I felt Quinn’s hard stare aimed at my back. “Just an idea.” I touched the wrapped chicken sandwiches. Instead of rock hard, the buns felt soggy.
“People die from eating at salad bars.”
“Aren’t fresh vegetables good for us?”
“Not if they’re packed with E. coli.” Quinn held up a tray with a couple of corndogs that were cracked from spending hours under a heat lamp. Taken as a whole, a questionable meat substance wrapped in dried-out corn bread was the best option.
“Works for me,” I said, snagging a few packets of ketchup before paying for our just-edible lunch. After we’d selected a table, I squeezed my ketchup into a blob on the tray. “So I’ve been waiting for you to bring it up, but since you don’t seem in a hurry to . . . what’s the latest Justin news?”
Her failure to make eye contact alerted me something had happened. “We went to that basketball game.”
The noise my corndog made when I dropped it sounded like it was made of wood. “When?”
Quinn shifted. “Last night.”
My mouth fell open as I lowered my head toward hers. “And you were going to tell me about this when?”

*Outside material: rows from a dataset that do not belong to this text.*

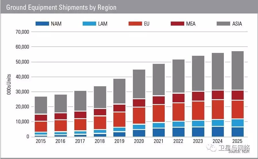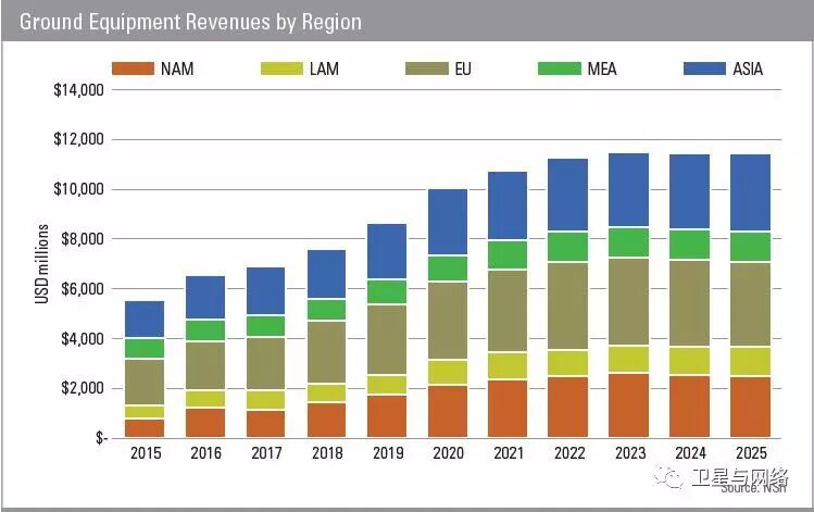 未來十年,亞洲累計收入將超過270億美元,顯而易見,地面終端設備市場機會相當可觀。此外,地面段中的技術發(fā)展是衛(wèi)星通信產(chǎn)業(yè)新市場的敲門磚。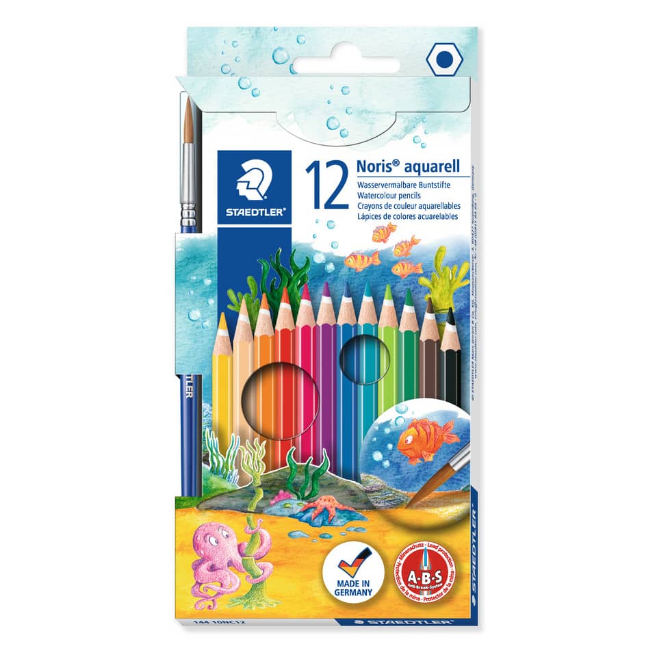 Matite colorate Noris Club® Aquarell, astuccio con 12 matite esagonali acquerellabili, con guaina Anti-Break-Sys2tem - A-B-S.
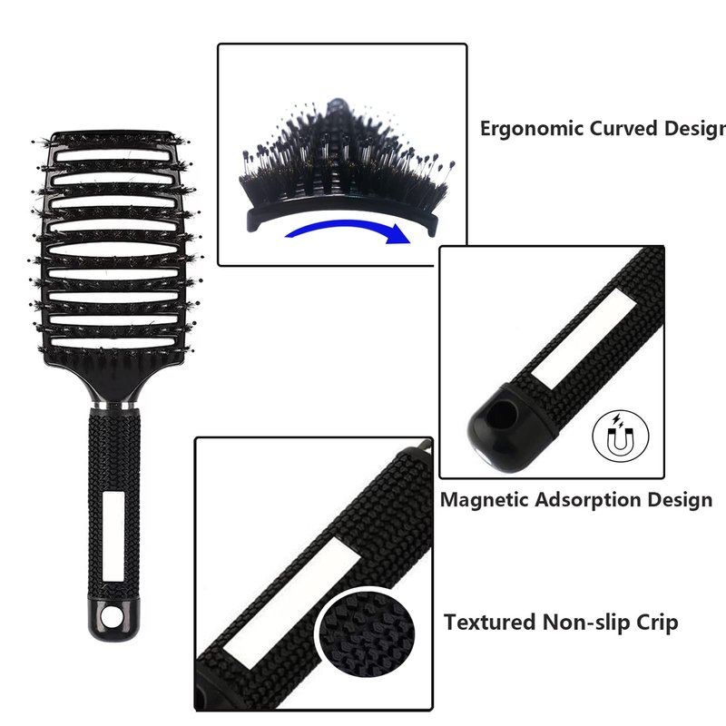 - 【Quality Material】: Our paddle detangling brushes are made of high-quality ABS resin material and natural boar bristles, lightweight and durable. They can easily glide through any hair style without pulling or scratching, while adds shine & smooth your curly thick hair.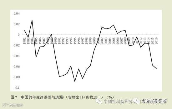 确实,在不存在资本管制和种种制度扭曲、实行浮动汇率制度的国家,除非洗钱和避税,在国际收支平衡表的各个账户中,高报、低报、瞒报等现象应该是比较少的。因而,造成巨额误差与遗漏的主要原因应该是统计上的。这些统计上的原因包括:覆盖范围不当、误报、漏报、同一笔交易的贷方分录和借方分录的数据来源不同(如贸易数据来自海关但创汇数据来自银行)、信息采集时间不同,等等。既然“误差与遗漏”是统计上的技术性原因造成的,误差与遗漏的相对数额不应该过大。根据国际惯例,“误差与遗漏”额的绝对值占货物进出口额的比重不应该超过5%。[16]更重要的是,由统计造成的“误差与遗漏”是白噪音,不应该显示明显趋势,不应该表现为长期、单向的资本流入或流出,更不应该同汇率有明显的相关。正如有学者指出的,美国误差与遗漏对贸易总额的季度比例在某些季度高于中国。但由于误差与遗漏的方向经常是前后相反的,平均下来美国误差与遗漏对贸易总额的年度比值,除2009年为5.8%外,都相当低。[17]然而,中国的情况不同。例如,从2014年第二季度到2016年末,中国各季度的误差与遗漏的方向完全一致,都是资本流出,而且同汇率变化相关。因此,很难把中国的巨额误差与遗漏主要归结于纯统计的技术性原因。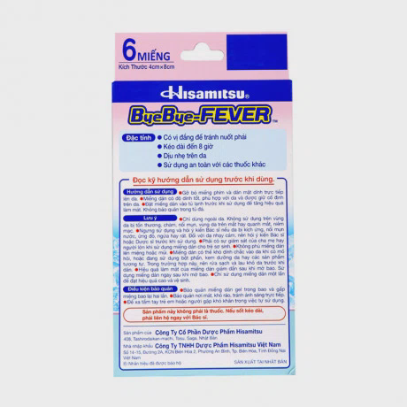 Miếng dán hạ sốt cho trẻ sơ sinh Hisamitsu Bye Bye-Fever (2 miếng/gói)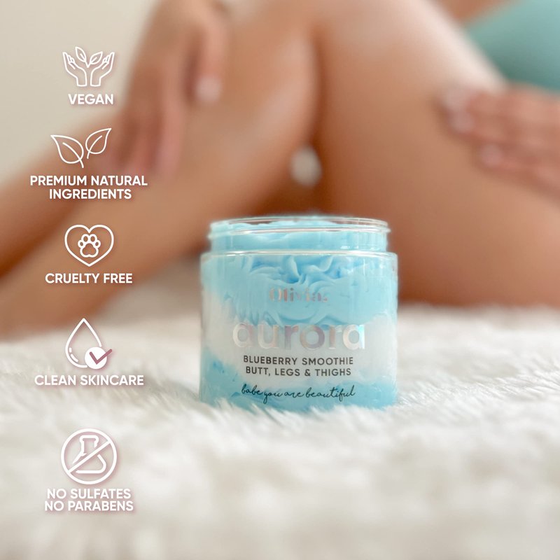 - REMOVES DULL DRY SKIN and RESTORES SKIN'S NATURAL NUTRIENTS - Olivia Aurora Blueberry Smoothie your new own personal care product that gently nourishes your skin and provides a long- lasting moisturization for a beautiful, and radiant skin. Get your booty and legs soft, fresh, and smooth - It's just perfect as a gift for yourself or your bestie

Quinn swirled her corndog into her mustard. “There’s nothing to tell. He got some tickets, asked if I wanted to go, we went, that’s all.”
My fingers rolled across the table. “That’s all all?”
“I don’t speak Ms. Romance.”
A sigh escaped me. “No long stares, no arms draped over shoulders?” The corners of my eyes creased. “No good night kiss?”
“No. Definitely no.” Quinn gave me a look that suggested she was offended by my question.